**TASK TO CARRY OUT:** Please copy all of the entries exactly, but drop every picture.

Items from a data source
+++++

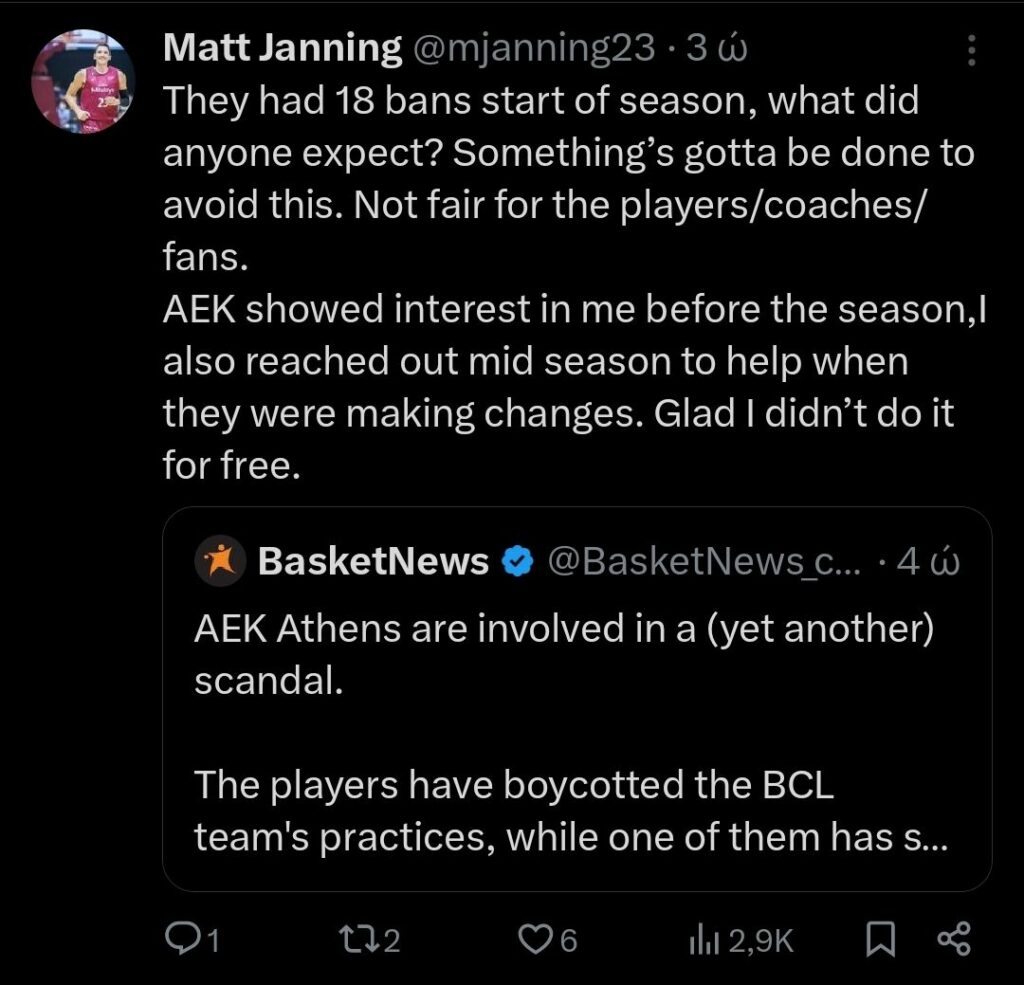 Ο Γεωργιανός Ματ Τζάνινγκ της Μπασκόνια, που απασχόλησε τον χειμώνα την ΑΕΚ, προχώρησε σε tweet μετά την απόφαση των παικτών της για αποχή:
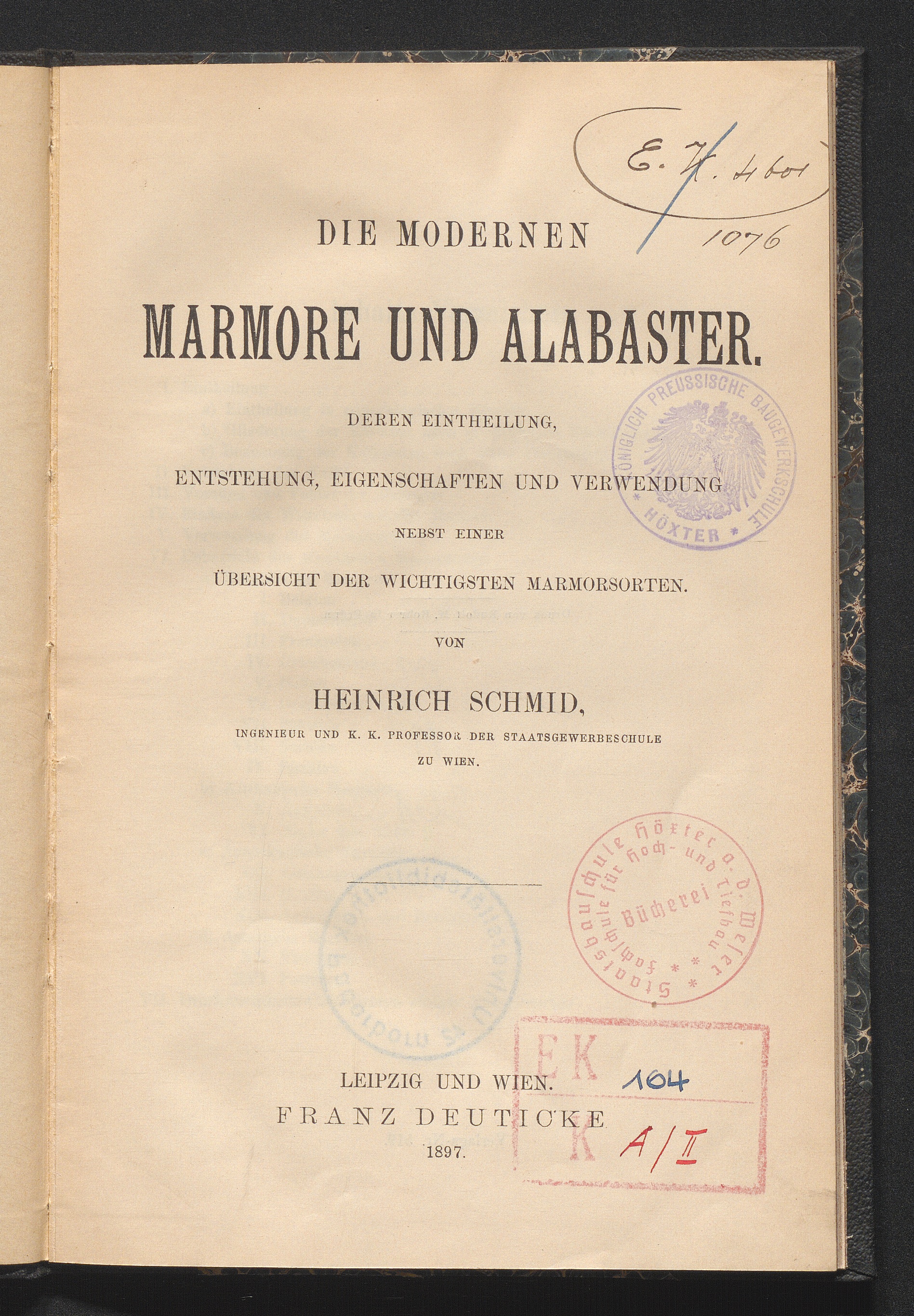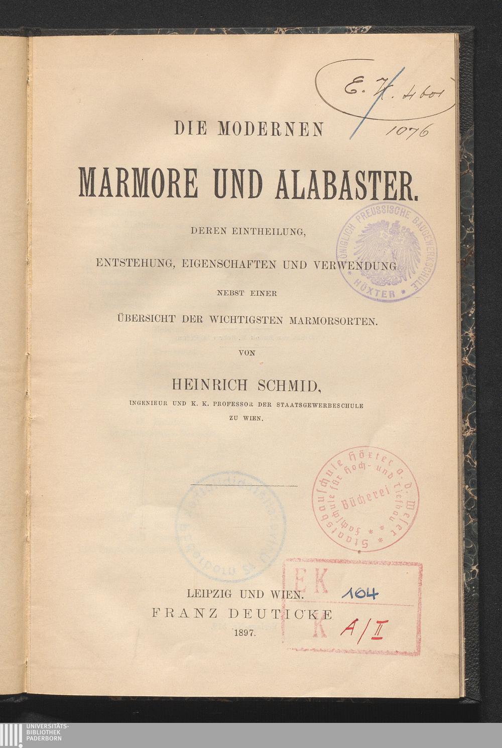 Die modernen Marmore und Alabaster : deren Eintheilung, Entstehung, Eigenschaften und Verwendung nebst einer Übersicht der wichtigsten Marmorsorten / von Heinrich Schmid
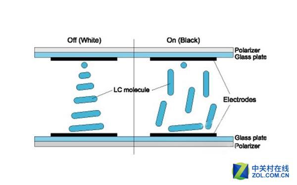 當(dāng)電流通過(guò)晶體管產(chǎn)生電場(chǎng)變化時(shí),造成LCD分子偏轉(zhuǎn),改變光線(xiàn)的偏極性,再利用偏光片決定像素的明暗狀態(tài)。
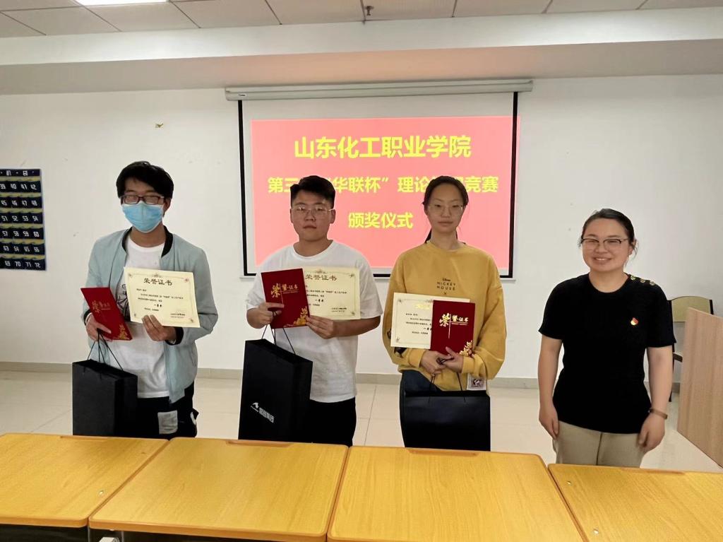 最后,葛彩霞书记为颁奖典礼做出总结,向受表彰的同学表示衷心的祝贺,同时对他们取得的成绩表示充分的肯定和认可。她提出本次大赛师生共同努力的结果,希望同学珍惜学校提供的平台,努力为省赛积极备赛,争取走到更大、更高的平台。同时她向同学们介绍了华联石化为华联石公司的发展情况,表达了企业求贤若渴、关爱学生的积极愿望,并对企业对本次比赛的大力支持表示示衷的感谢。
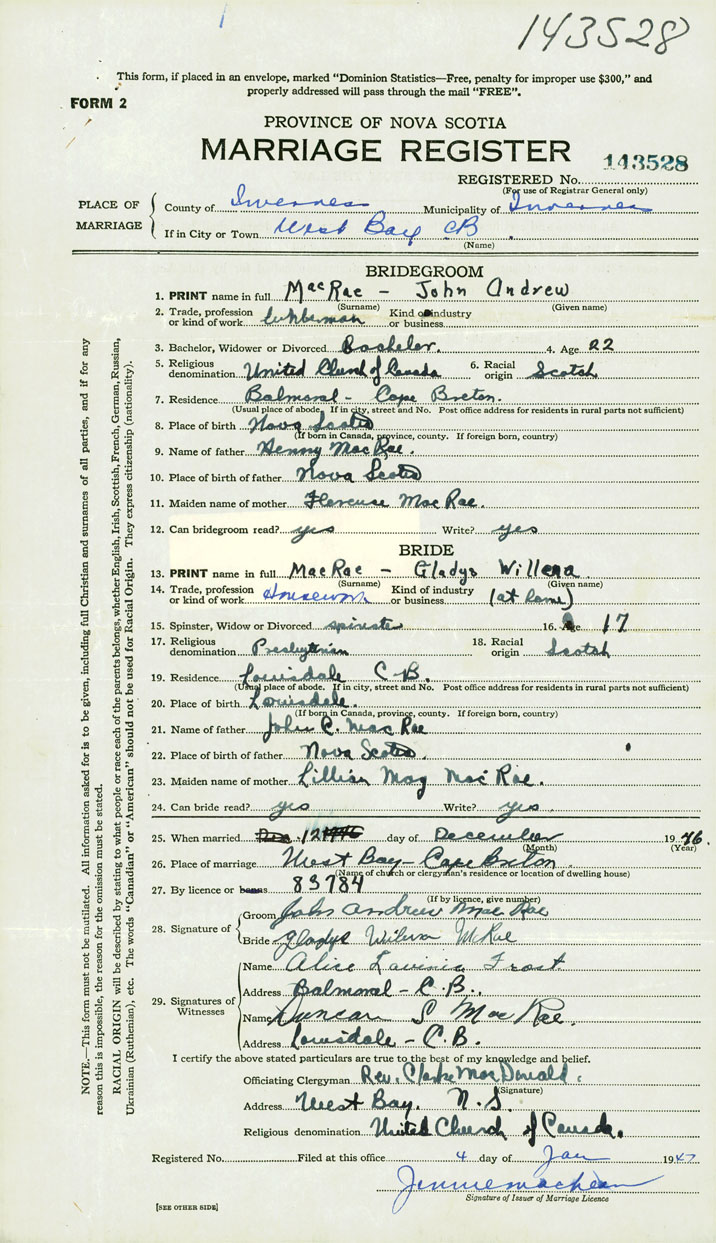 PLACE OF MARRIAGE County of Inverness in City or Town West Bay
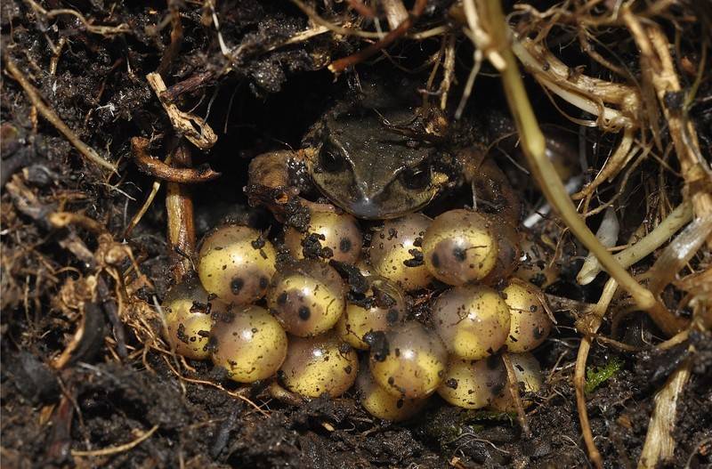 En este grupo de especies, cuyas áreas de distribución son muy reducidas, parece que suelen ser los machos los encargados del cuidado de los huevos, de los que salen diminutas ranas totalmente formadas. El elevado número de huevos que se encuentran en los nidos de P. teqta sugiere que un solo individuo se encargaría de las puestas de más de una hembra.
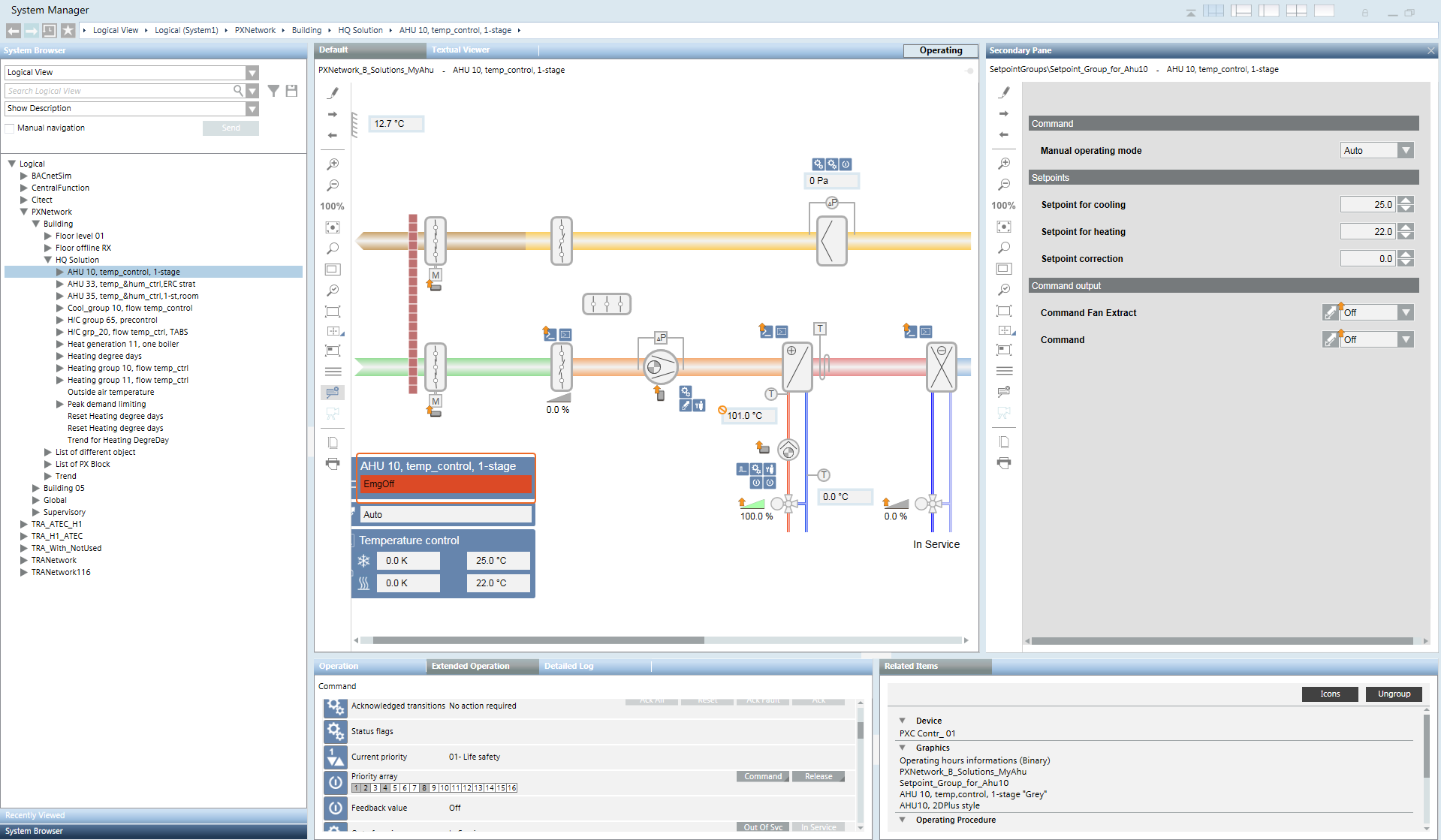 A plant operator tableau includes the most important information to control a plant. The operating state, setpoints, or output can be easily operated. NOTE: This function is not available on all projects.
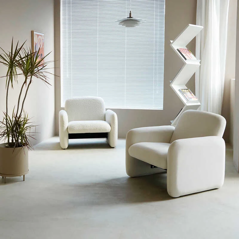 クリーミーな風合いの無垢材モダンリビング用一人掛けソファチェア|リラックスできるデザイン|羊毛フリースのバルコニー用ゲストチェア|宿泊施設にも最適!
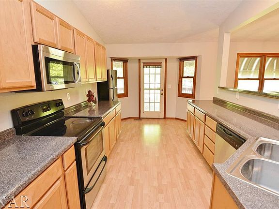 Incredible ranch with open floor plan! Updated kitchen features newer maple cabinets, countertops with raised bar, laminate floors & stainless appliances. Spacious family room boasts cathedral ceilings, woodburning fireplace with gas log, new paint, carpet & light fixtures. Huge master with double closets & ensuite full bath. Fully finished basement showcases enormous family room with dual egress wells, wet bar, full bath & bonus flex room. Private deck with awning overlooks lush fenced, corner lot. Sideload 3-car garage has pull-down attic stairs for storage, whole house fan & plumbing. All new carpet & paint on main (6/17).
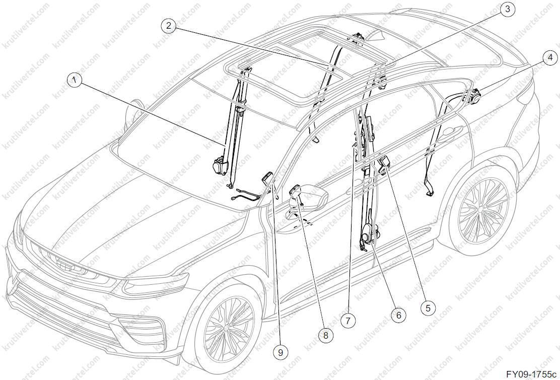 ремінь безпеки Geely, подушка безпеки Geely, моменти затягування Geely, ремінь безпеки Geely Tugella, подушка безпеки Geely Tugella, моменти затягування Geely Tugella

+++++

**RESPONSE TO THIS EXERCISE:**
 Ο Γεωργιανός Ματ Τζάνινγκ της Μπασκόνια, που απασχόλησε τον χειμώνα την ΑΕΚ, προχώρησε σε tweet μετά την απόφαση των παικτών της για αποχή:
 Die modernen Marmore und Alabaster : deren Eintheilung, Entstehung, Eigenschaften und Verwendung nebst einer Übersicht der wichtigsten Marmorsorten / von Heinrich Schmid
 當(dāng)電流通過(guò)晶體管產(chǎn)生電場(chǎng)變化時(shí),造成LCD分子偏轉(zhuǎn),改變光線(xiàn)的偏極性,再利用偏光片決定像素的明暗狀態(tài)。
 最后,葛彩霞书记为颁奖典礼做出总结,向受表彰的同学表示衷心的祝贺,同时对他们取得的成绩表示充分的肯定和认可。她提出本次大赛师生共同努力的结果,希望同学珍惜学校提供的平台,努力为省赛积极备赛,争取走到更大、更高的平台。同时她向同学们介绍了华联石化为华联石公司的发展情况,表达了企业求贤若渴、关爱学生的积极愿望,并对企业对本次比赛的大力支持表示示衷的感谢。
 PLACE OF MARRIAGE County of Inverness in City or Town West Bay
 En este grupo de especies, cuyas áreas de distribución son muy reducidas, parece que suelen ser los machos los encargados del cuidado de los huevos, de los que salen diminutas ranas totalmente formadas. El elevado número de huevos que se encuentran en los nidos de P. teqta sugiere que un solo individuo se encargaría de las puestas de más de una hembra.
 A plant operator tableau includes the most important information to control a plant. The operating state, setpoints, or output can be easily operated. NOTE: This function is not available on all projects.
 クリーミーな風合いの無垢材モダンリビング用一人掛けソファチェア|リラックスできるデザイン|羊毛フリースのバルコニー用ゲストチェア|宿泊施設にも最適!
 Incredible ranch with open floor plan! Updated kitchen features newer maple cabinets, countertops with raised bar, laminate floors & stainless appliances. Spacious family room boasts cathedral ceilings, woodburning fireplace with gas log, new paint, carpet & light fixtures. Huge master with double closets & ensuite full bath. Fully finished basement showcases enormous family room with dual egress wells, wet bar, full bath & bonus flex room. Private deck with awning overlooks lush fenced, corner lot. Sideload 3-car garage has pull-down attic stairs for storage, whole house fan & plumbing. All new carpet & paint on main (6/17).
 ремінь безпеки Geely, подушка безпеки Geely, моменти затягування Geely, ремінь безпеки Geely Tugella, подушка безпеки Geely Tugella, моменти затягування Geely Tugella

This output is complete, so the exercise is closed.